ACTIVITY | Your copy should hold only the lines from the one with "Max Mara The" to the one with "A festive Happy", both included, each exactly as it stands below, with no pictures.

-- -- --

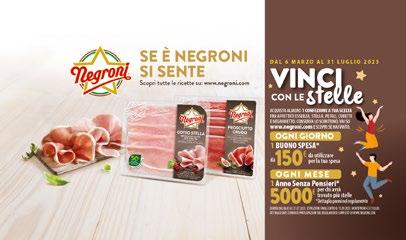 NEGRONI salame Negronetto g 210 al pezzo € 15,67 3,29 SELEX pancetta a cubetti dolce, affumicata pz 2 x g 80 al kg € 11,81 1,89 SOTTILETTE Classiche g 400 al kg € 6,50 2,60 FRUTTI DEI SOGNI bresaola della Valtellina I.G.P. Punta d'Anca g 100 all'etto 4,19 GARDANI petto di tacchino arrosto al miele g 120 al kg € 35,75 4,29 GRANAROLO Oggi Puoi mozzarella pz 3 x g 100 al kg € 8,17 2,45 GRANAROLO BENESSERE mozzarella ad alto contenuto di proteine g 100 al kg € 9,80 0,98 MANDARA mozzarella di latte di bufala bocconcini g 300 al kg € 13,17 3,95 GRANAROLO Latte UHT parzialmente scremato litri 1 al litro 1,15 ZYMIL Alta Digeribilità Senza Lattosio litri 1 al litro 1,69 CHEF panna cucina leggera uht pz 3 x g 125 al litro € 6,13 2,30 GRANAROLO Oggi Puoi stracchino g 160 al kg € 8,69 1,39 PHILADELPHIA g 350 al kg € 8,29 2,90 NEGRONI prosciutto cotto Stella g 110 al kg € 18,09 1,99 NEGRONI prosciutto crudo g 100 al kg € 19,90 1,99 GRAN MORAVIA formaggio grattugiato g 100 al kg € 11,80 1,18
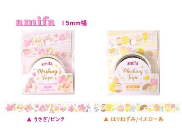 【amifaマステ】アミファマスキングテープ フラワー&アニマル柄 NO.60249【ご選択:うさぎ/ピンク、はりねずみ/イエロー系】
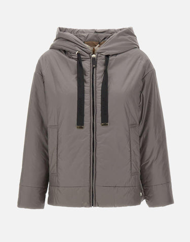 Max Mara The Cube "Daria" jacket, gray, water-repellent canvas, hood with drawstring, Cameluxe quilting, straight fit, zip closure with leather slider and metal monogram, side welt pockets, side slits with snap buttons to adjust fit, regular fit. Professional wash
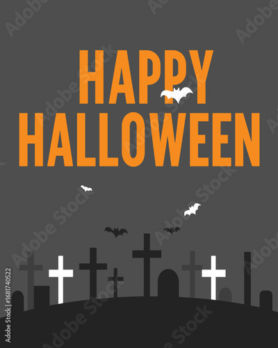 A festive Happy Halloween greeting features orange text, flying bats, and a spooky graveyard silhouette.
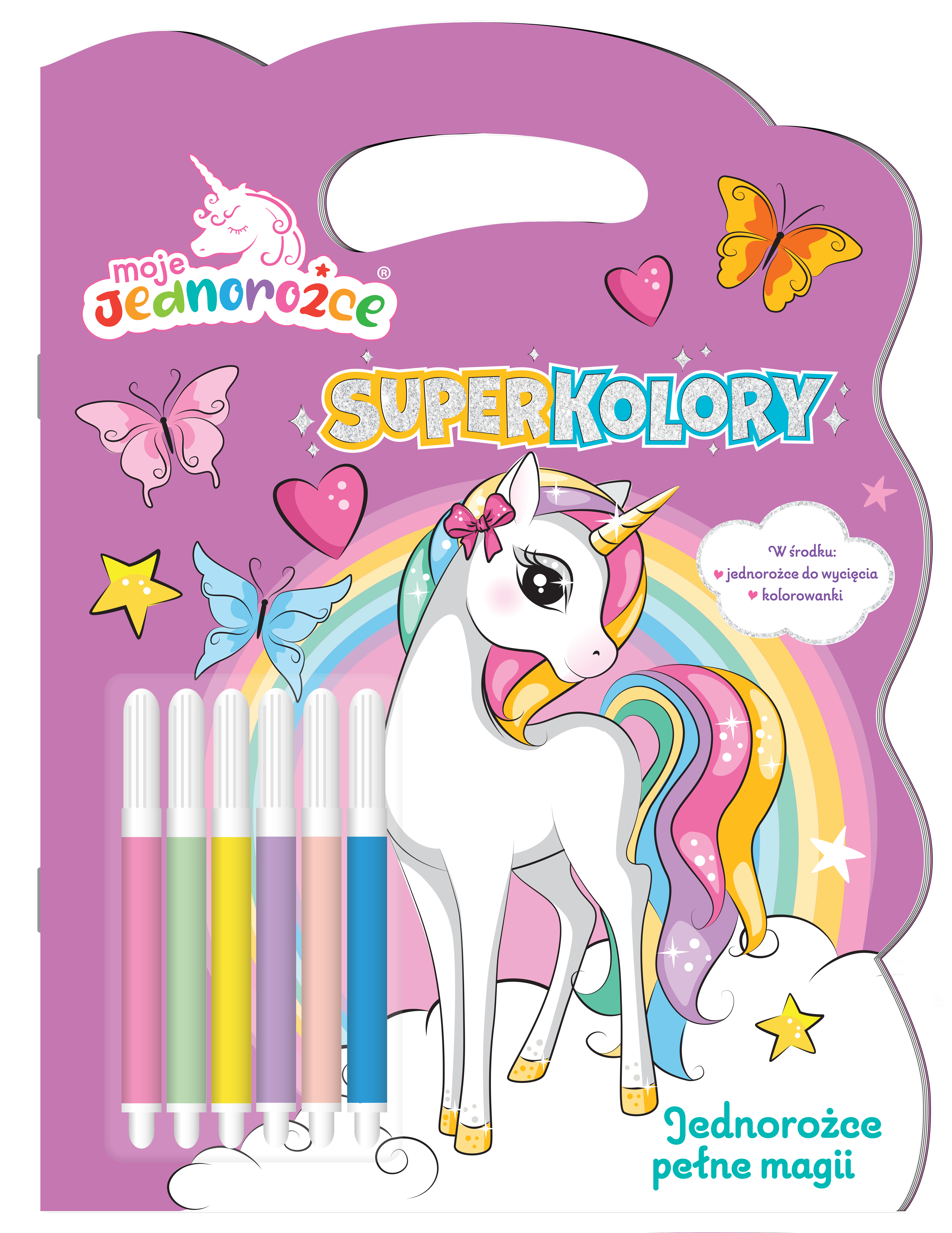 Książka SUPERKOLORY to atrakcyjne kolorowanki z rysunkami ulubionych bohaterów. Do każdej z publikacji dołączone są piękne flamastry. Wystarczy, że dziecko pomaluje obrazek, a rysunki z postaciami ulubieńców nabiorą kolorów. Świetna zabawa gwarantowana!
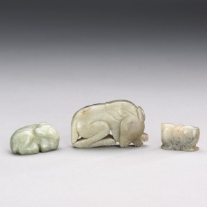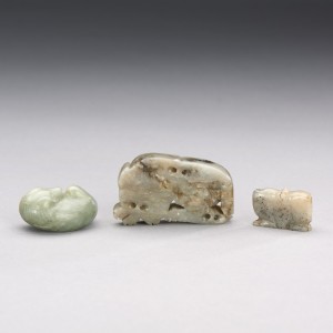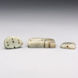 TWO CHINESE JADE BEARS AND A JADE PEACHES-FORM PENDANT
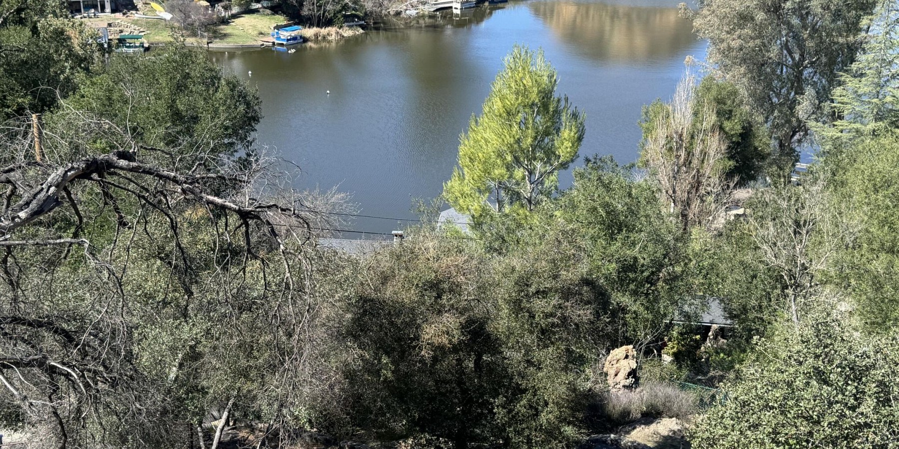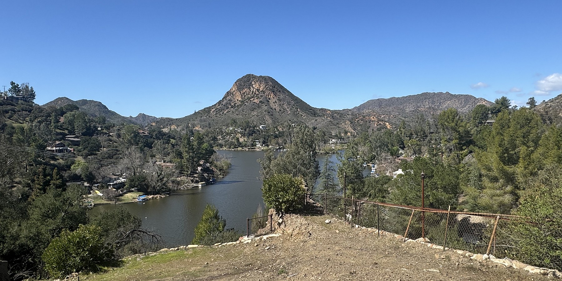 The Preeminent lot on Malibou Lake. Towering and panoramic views overlooking Malibou Lake and Sugarloaf Mountain as well as the rocky crags of Malibu Creek State Park and Triunfo Creek as it meanders through the park and past the Old Mash TV film site. This 3/4 acre is perched like no other and captures the awe-inspiring views. Plenty of flat building areas along with an existing approx 800 sq ft structure that remained. The ultimate in privacy and serenity coupled with an incredible community. There is a private dock site attached with this parcel for your year-round water fun including: paddle boarding, swimming, kayaking, fishing and so much more. Besides the private forty-acre lake, the community provides a beautiful clubhouse, pool, tennis, pickleball, and year-round events, parties and live music on the lake that can keep your social calendar full. In all of Southern California, one would be hard pressed to find a location that offers such a lifestyle. Situated within the Lass Virgenes School District, minutes from the 101 fwy and most conveniences and a short jaunt over to the ocean. Yes, Malibou Lake is spelled differently than Malibu because it is different, come find out why!
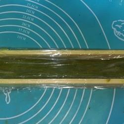 5. Knead them into matcha-colored biscuits, wrap them with plastic wrap, put the matcha biscuits into a rectangular biscuit mold box, shape them into long strips, and spread them on the mold box.Place a layer of plastic wrap in the refrigerator and freeze that layer for 1 hour

-- -- --

RESPONSE BELOW |
 Max Mara The Cube "Daria" jacket, gray, water-repellent canvas, hood with drawstring, Cameluxe quilting, straight fit, zip closure with leather slider and metal monogram, side welt pockets, side slits with snap buttons to adjust fit, regular fit. Professional wash
 A festive Happy Halloween greeting features orange text, flying bats, and a spooky graveyard silhouette.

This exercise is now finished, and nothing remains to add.